Key activator of the innate immune response against intestinal parasites discovered

It is estimated that a quarter of the world’s population comes into contact with parasitic worms at some point in their lives, particularly in tropical regions. While it is known that the body combats such infections primarily through a so-called type 2 immune response, the exact processes involved are not yet fully understood. In the newly published study, researchers at BNITM used the nematode Strongyloides ratti (S. ratti) as a model to investigate these processes in greater detail. They infected mice with the nematode. 

The infectious larvae of S. ratti live in moist soil. They initially penetrate the body through the skin and migrate through tissue to the head region. They are then swallowed and develop into adult worms in the small intestine. The adults worm then lay eggs, which are excreted in the faeces and develop back into infectious larvae. Various immune cells become active to eliminate the worms from the body: among others, immune cells of the innate immune system, the group 2 innate lymphoid cells (ILC2), react rapidly and activate mast cells via signalling molecules. These play a central role in the gut in defending against the worms.

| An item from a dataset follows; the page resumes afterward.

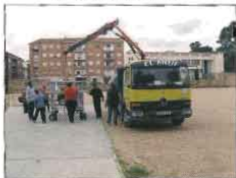
En Moje descargando en Capuchinos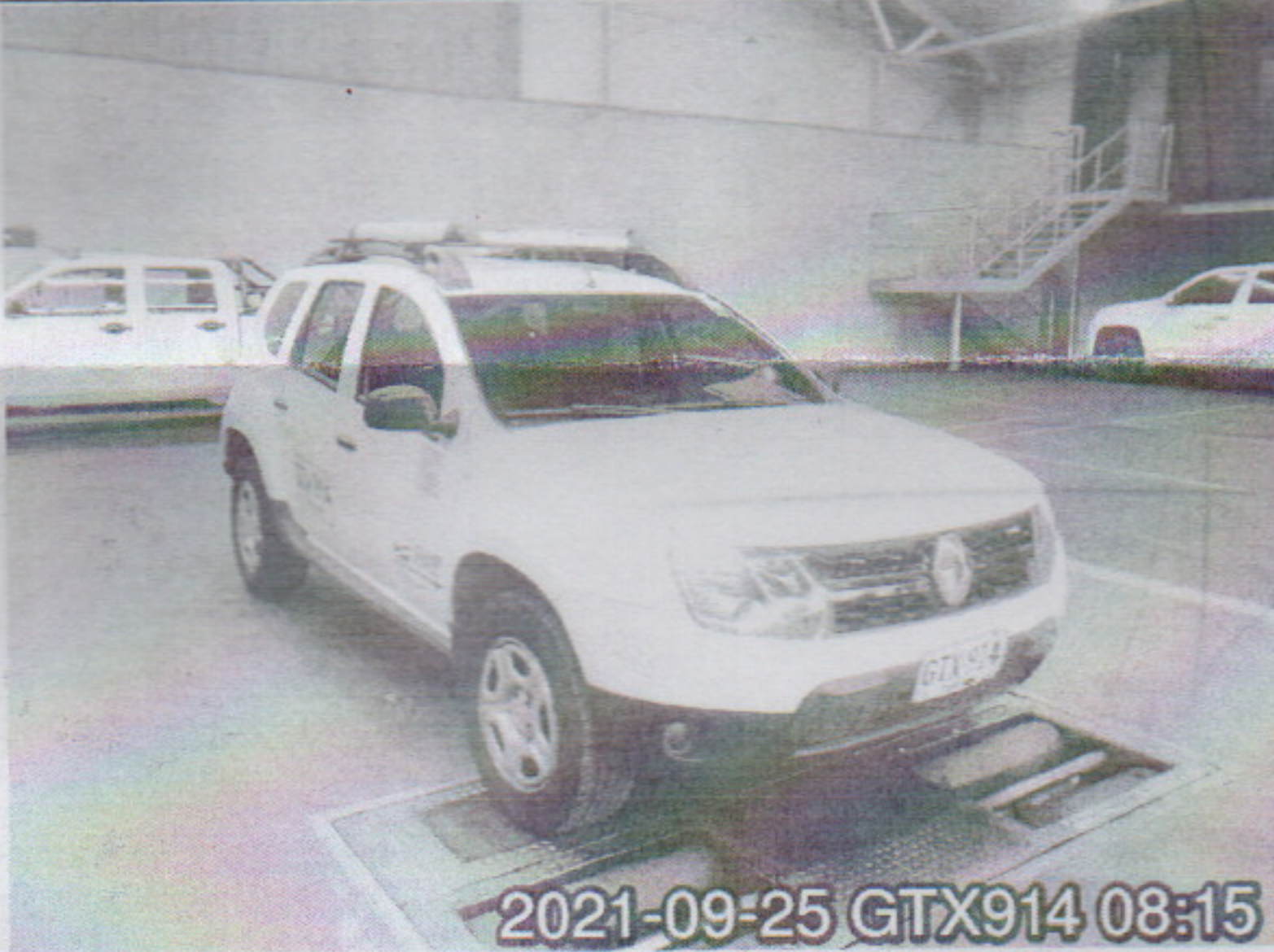
2021-09-25 GTX914 08:15

Focus on the checkpoint molecule CD160

The researchers were also demonstrated that ILC2s divide into two functionally distinct groups during S. ratti infection. One group expresses the CD160 molecule on its surface. These cells proliferate rapidly but produce only a small number of signalling molecules. The second group consists of ILC2s without CD160. These produce large quantities of important type-2 signalling molecules, which activate mast cells and thus trigger the expulsion of the worms from the gut. Importantly, CD160-positive ILC2s can transform into CD160-negative ILC2s that produce signalling moleculs during the immune response.

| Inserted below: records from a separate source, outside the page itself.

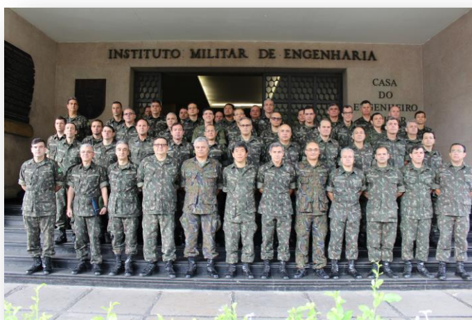
Os Oficiais do CPEAEx ao final da visita.

Nessa oportunidade, o Comandante do IME apresentou informações sobre as conquistas e os desafios institucionais na formação dos Engenheiros Militares do Exército Brasileiro.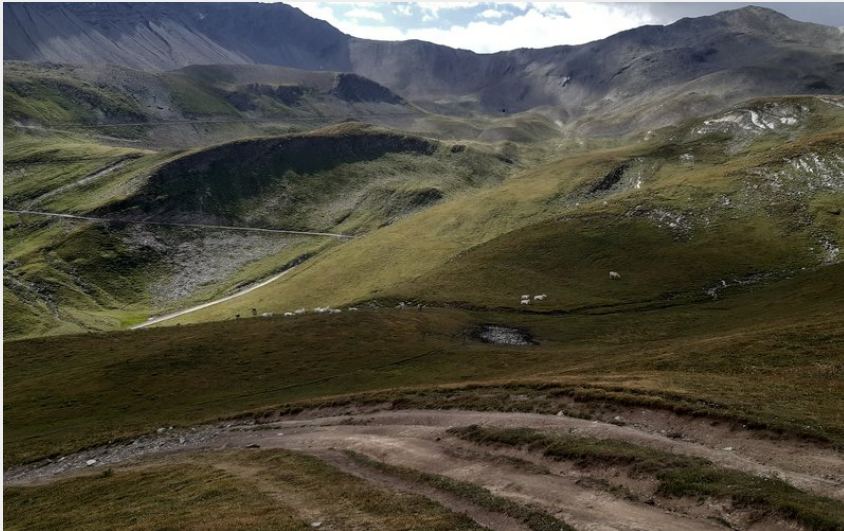
Col du Parpaillon en arrière plan (florimont.tilliere)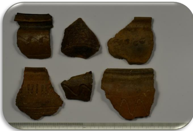
Indų fragmentai, XVII-XIX a.

Kupiškio miesto širdis- Lauryno Stuokos Gucevičiaus aikštė. 2019 m.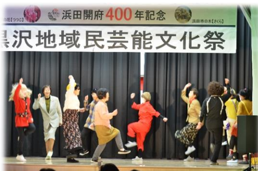
黒沢婦人会、盆踊り「ダンシングヒーロー」。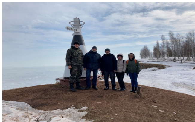
Рис. 3. Смотровая площадка горы Лобач.

бе. Гора Лобач находится на слиянии двух крупнейших рек Восточно-европейской равнины – Волги и Камы и является ландшафтным заказником, площадью 241 га и абсолютной высотой 136 м. [3]. Находясь на данной точке учитель – экскурсовод повествует о том, что гора является известковым останцом, а на прилегающих волжских обрывах по обе стороны от горы выступают коренные породы пермского периода (загипсованные доломиты, известняки, мергели и аргиллиты). Территория волжского берега в этом месте значительно осложнена многочисленными оползнями. На территории смотровой площадки горы установлен визуально напоминающий маяк указатель. Стрелы указателя направлены на две крупнейших реки – Волгу и Каму, которые сливаясь образуют акваторию, шириной до 42 км. Необыкновенные пейзажи и природные достопримечательности делают это место чрезвычайно привлекательным для школьников.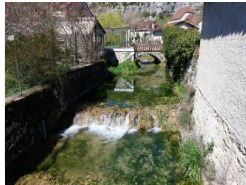
0.2km – Lavoir de la Sagne

CD160 plays a crucial rolen in eliminating the parasite

The importance of CD160 became clear in experiments with genetically modified mice lacking the CD160 molecule (CD160 knockout mice). These animals were unable to combat the parasites in their intestines effectively. The infection persisted for an unusually long time, with parasites remaining in the body for weeks and even months, up to around 100 days. By contrast, mice that possessed the CD160 molecule responded much more effectively: their immune systems were able to significantly reduce the parasite burden within a few days. The reason for the prolonged infection in the CD160 knockout mice was that the crucial mast cells were not activated due to the absence of necessary signals from the ILC2. The researchers concluded from their experiments that CD160-positive ILC2s initially proliferate rapidly and subsequently develop into signalling molecule-producing ILC2 that no longer express  CD160. The signalling molecules from these CD160-negative ILC2 activate the mast cells, which ultimately ensure that the parasites are expelled from the intestine. 

The researchers also demonstrated that the absence of CD160 in CD160 knockout mice directly caused of the prolonged infection with S. ratti: when they treated already infected CD160 knockout mice with CD160-positive ILC2s, the immune defect was partially reversed. The mast cells became active again and the number of parasites decreased. 

New treatment options for other diseases

The findings not only provide a new understanding of how the immune system combats worm infections. They also show that immune cells develop dynamically and change their function during an infection. In the long term, the discovery of CD160-positive ILC2s could open up new approaches for therapies, for example in parasitic infections, but also in allergic diseases such as asthma or other inflammatory diseases in which the type 2 immune response plays a role.

“We see a fundamental mechanism here that could be relevant far beyond this specific S. ratti infection,” says Heepmann. “That is what makes the discovery so exciting. The findings also provide starting points for future immunotherapies, for example in cancer treatment. Through checkpoint molecules, we can specifically intervene in the regulation of immune cells to either enhance or suppress immune responses depending on the disease.”

Immunological background

The innate immune system is the part of the immune defence that reacts immediately to intruders, recognizing them without having to ‘get to know’ them first. It recognises general danger signals and rapidly activates initial protective mechanisms. Worm infections are combated as part of the so-called type 2 immune response. In this process, ILC2s (= group 2 innate lymphoid cells) play a central role. They detect warning signals from the tissue, which activates them. They then multiply and relay the warning signals in the form of signalling molecules such as IL-5 (= interleukin-5), IL-13 and IL-9. In doing so, they activate other immune cells in the process, including mast cells in the gut, which ultimately ensure that the parasites are expelled from the body. While this early response can already significantly curb the parasites, complete elimination also requires the adaptive immune system. This includes, for example, T cells and B cells, which target specific pathogens and build up long-lasting immunity. For the study, the researchers used so-called RAG knockout mice. These animals lack a functioning adaptive immune system, meaning they have no T or B cells. This allowed the researchers to investigate the innate immune defence in isolation. The study demonstrates how crucial the regulation of the early phase of the immune response is for the subsequent course of the infection.

Publication

Heepmann L. et al., CD160-competent ILC2 are crucial for the ejection of intestinal helminths by the innate immune system, Mucosal Immunology 2026, DOI: 10.1016/j.mucimm.2026.04.005

The German Research Foundation (DFG) and the Joachim Herz Foundation provided financial support for the study.